> To do
Reproduce exactly, and solely, the lines running from the top of the data below through the line with "En rosa härlig", both inclusive. Omit pictures.

> Data below
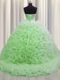 Rolling Flowers Brush Train Sweetheart Lace Up Beading and Pick Ups Sweet 16 Quinceanera Dress Sleeveless
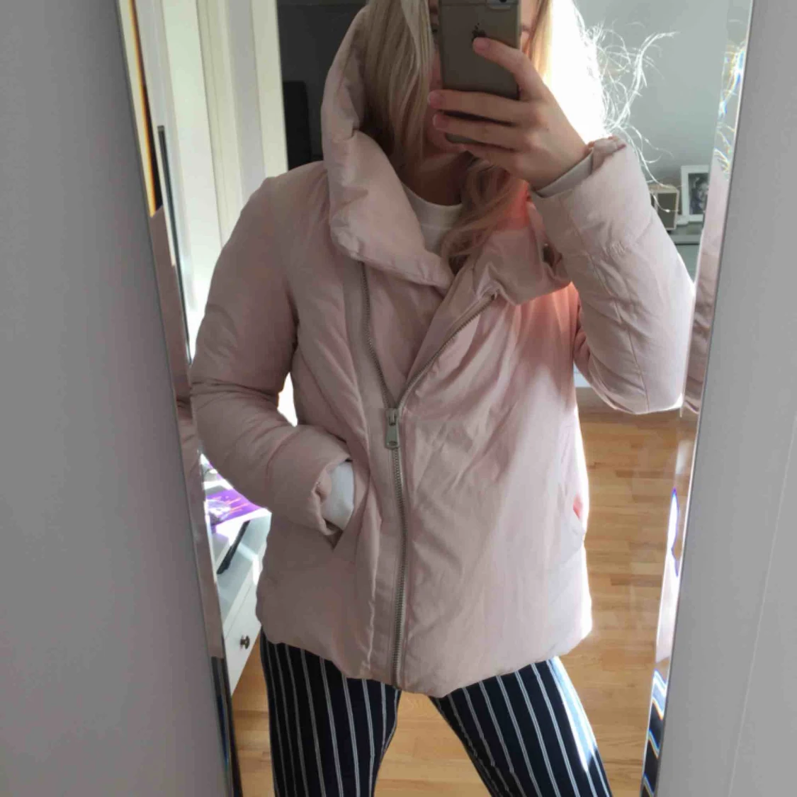 En rosa härlig dunjacka med stor krage/luva. Köparen står för frakten och tar helst swish.
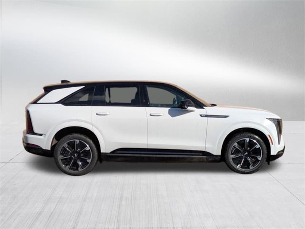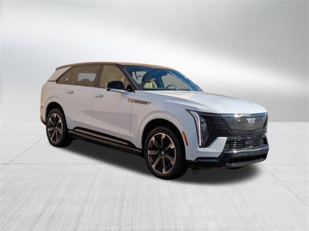 Summit White 2025 Cadillac Escalade IQ Sport 2 1-Speed Automatic Electric ZEV 680hp 3rd row seats: split-bench, 4-Way Power Driver Lumbar Seat Adjuster, 4-Wheel Disc Brakes, 8-Way Power Driver Seat Adjuster, 8-Way Power Front Passenger Seat Adjuster, ABS brakes, Adaptive suspension, Air Conditioning, Alloy wheels, AM/FM radio: SiriusXM with 360L, Audio memory, Auto High-beam Headlights, Auto-dimming door mirrors, Auto-dimming Rear-View mirror, Auto-leveling suspension, Automatic temperature control, Black 2-Tone Roof, Bluetooth Headphones By AKG (LPO), Brake assist, Bumpers: body-color, Compass, Delay-off headlights, Driver door bin, Driver vanity mirror, Dual front impact airbags, Dual front side impact airbags, Electronic Stability Control, Emergency communication system: OnStar and Cadillac connected services capable, Four wheel independent suspension, Front anti-roll bar, Front Bucket Seats, Front Center Armrest, Front dual zone A/C, Front reading lights, Fully automatic headlights, Garage door transmitter, Google Built-In, Heads-Up Display, Heated door mirrors, Heated Driver & Front Passenger Seats, Heated front seats, Heated rear seats, Heated steering wheel, HVAC memory, Illuminated entry, Knee airbag, Leather steering wheel, Low tire pressure warning, Magnetic Ride Control Suspension, Memory seat, Navigation system: Google Automotive Services Capable, Occupant sensing airbag, Outside temperature display, Overhead airbag, Overhead console, Panic alarm, Passenger door bin, Passenger vanity mirror, Power door mirrors, Power driver seat, Power Liftgate, Power passenger seat, Power steering, Power windows, Radio data system, Radio: Infotainment Experience, Rain sensing wipers, Rear air conditioning, Rear anti-roll bar, Rear dual zone A/C, Rear reading lights, Rear Seat Entertainment System, Rear window defroster, Rear window wiper, Reconfigurable Full-Color Head-Up Display, Remote keyless entry, Security system, SiriusXM w/360L Trial Subscription, Speed control, Speed-sensing steering, Split folding rear seat, Spoiler, Steering wheel mounted audio controls, Telescoping steering wheel, Tilt steering wheel, Traction control, Trip computer, Turn signal indicator mirrors, Variably intermittent wipers, Ventilated front seats, Wheels: 24 7-Spoke Diamond Cut Face Alloy.

> Response to this exercise
 Rolling Flowers Brush Train Sweetheart Lace Up Beading and Pick Ups Sweet 16 Quinceanera Dress Sleeveless
 En rosa härlig dunjacka med stor krage/luva. Köparen står för frakten och tar helst swish.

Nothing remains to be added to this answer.